ACTIVITY >> Reproduce exactly, and only, the lines below from the one containing "Skid plate for" through the one containing "Tiket ada 3".

━━━ SOURCE DATA

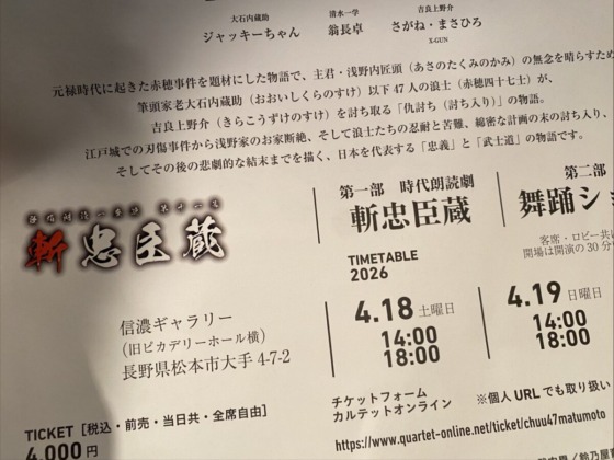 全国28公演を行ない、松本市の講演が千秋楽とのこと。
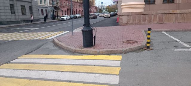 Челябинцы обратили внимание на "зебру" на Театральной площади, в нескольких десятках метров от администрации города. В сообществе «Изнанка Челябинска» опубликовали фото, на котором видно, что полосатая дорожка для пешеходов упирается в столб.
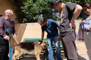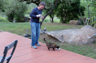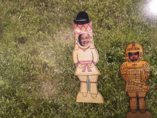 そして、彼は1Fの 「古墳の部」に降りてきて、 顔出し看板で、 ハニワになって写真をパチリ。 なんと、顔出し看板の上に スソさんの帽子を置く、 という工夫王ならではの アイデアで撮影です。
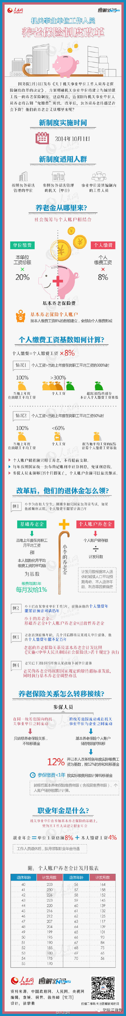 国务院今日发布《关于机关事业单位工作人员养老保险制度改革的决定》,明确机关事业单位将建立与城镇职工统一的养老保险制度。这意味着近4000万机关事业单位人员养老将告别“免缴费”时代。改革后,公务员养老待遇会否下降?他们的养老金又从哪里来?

━━━━━━
━━━ SOURCE DATA

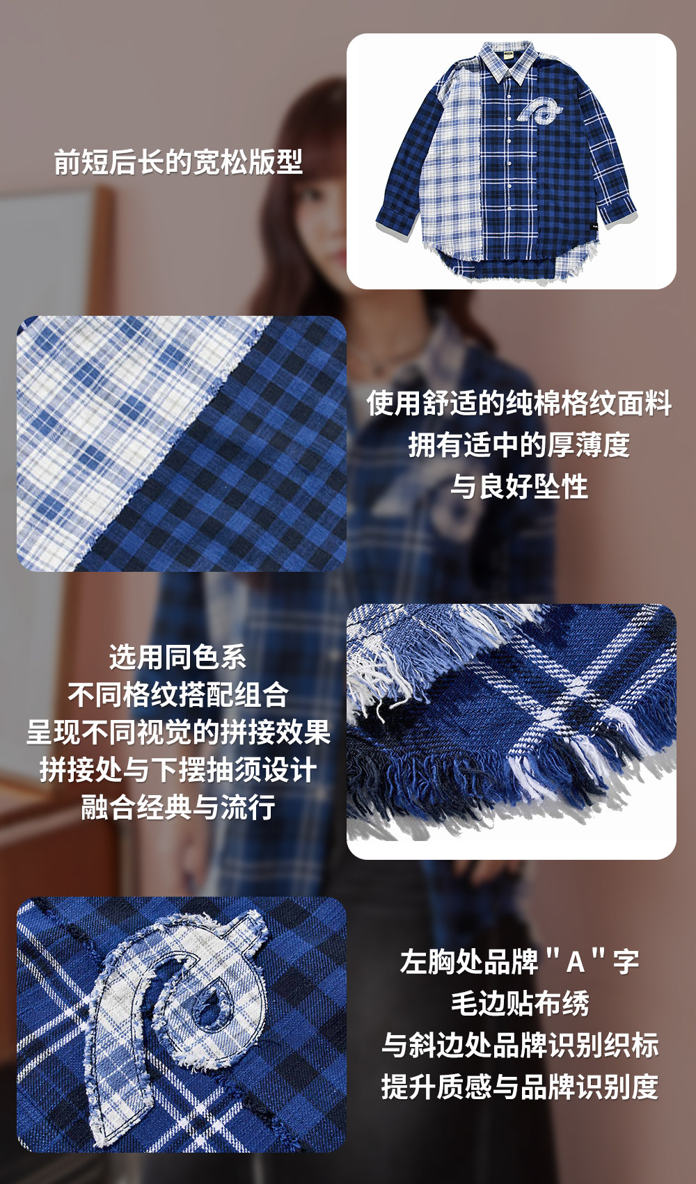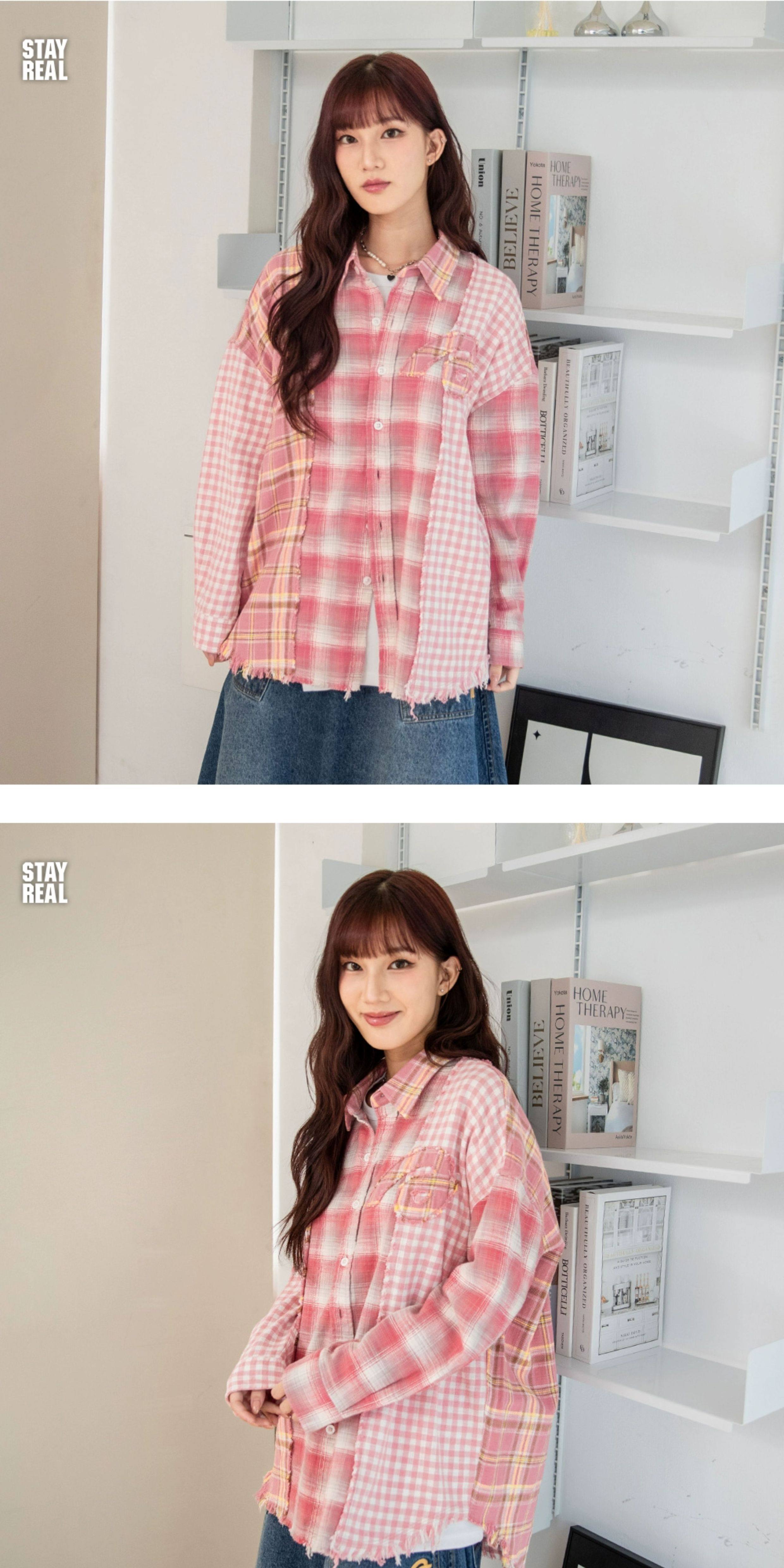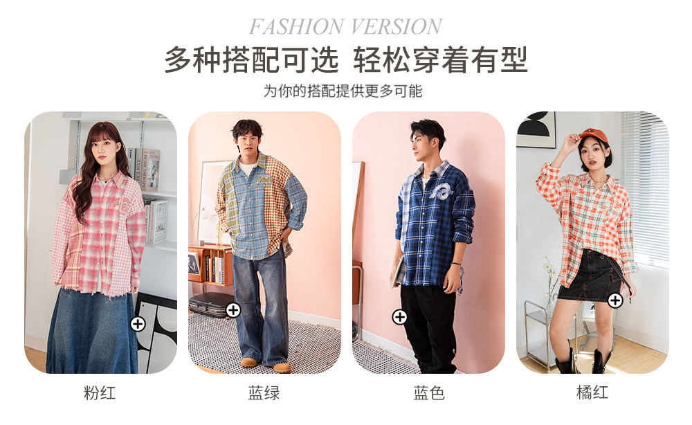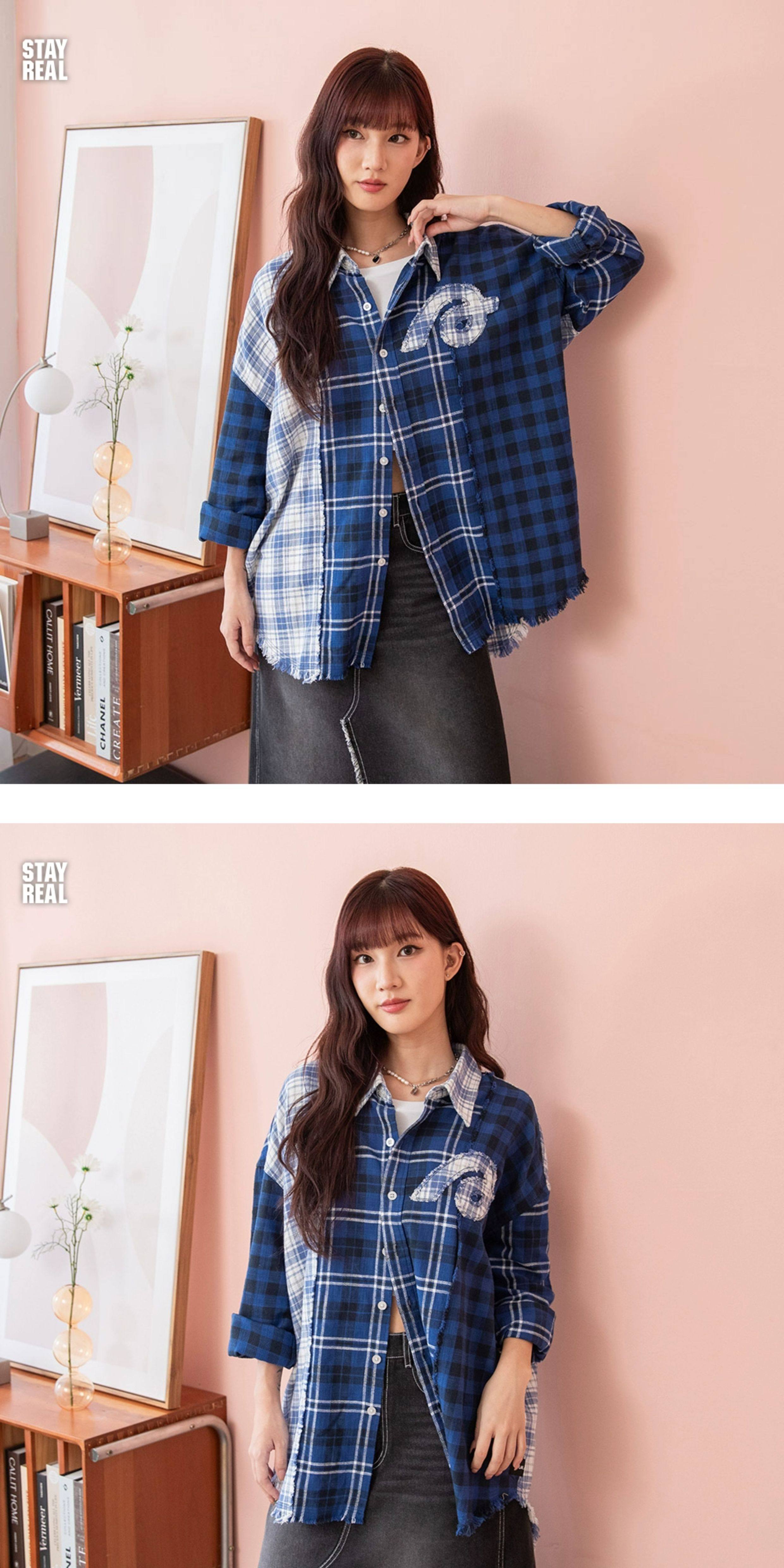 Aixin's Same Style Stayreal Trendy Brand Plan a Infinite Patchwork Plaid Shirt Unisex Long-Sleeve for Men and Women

━━━━━━
━━━ SOURCE DATA

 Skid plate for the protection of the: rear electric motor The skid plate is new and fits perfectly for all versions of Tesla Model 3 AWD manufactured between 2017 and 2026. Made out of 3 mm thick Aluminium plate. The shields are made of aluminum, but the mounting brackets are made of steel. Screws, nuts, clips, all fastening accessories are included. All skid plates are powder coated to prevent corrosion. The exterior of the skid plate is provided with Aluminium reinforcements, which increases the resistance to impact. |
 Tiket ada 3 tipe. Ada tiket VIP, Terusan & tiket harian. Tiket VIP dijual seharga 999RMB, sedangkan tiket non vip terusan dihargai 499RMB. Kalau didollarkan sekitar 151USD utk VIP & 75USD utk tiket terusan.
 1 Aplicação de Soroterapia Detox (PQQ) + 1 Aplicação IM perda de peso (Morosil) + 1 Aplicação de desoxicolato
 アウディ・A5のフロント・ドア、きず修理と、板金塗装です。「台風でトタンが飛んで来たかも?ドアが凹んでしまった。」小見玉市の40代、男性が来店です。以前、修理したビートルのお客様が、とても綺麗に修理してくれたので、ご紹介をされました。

━━━━━━

SOLUTION FOR THIS TASK >>
 Skid plate for the protection of the: rear electric motor The skid plate is new and fits perfectly for all versions of Tesla Model 3 AWD manufactured between 2017 and 2026. Made out of 3 mm thick Aluminium plate. The shields are made of aluminum, but the mounting brackets are made of steel. Screws, nuts, clips, all fastening accessories are included. All skid plates are powder coated to prevent corrosion. The exterior of the skid plate is provided with Aluminium reinforcements, which increases the resistance to impact. |
 Tiket ada 3 tipe. Ada tiket VIP, Terusan & tiket harian. Tiket VIP dijual seharga 999RMB, sedangkan tiket non vip terusan dihargai 499RMB. Kalau didollarkan sekitar 151USD utk VIP & 75USD utk tiket terusan.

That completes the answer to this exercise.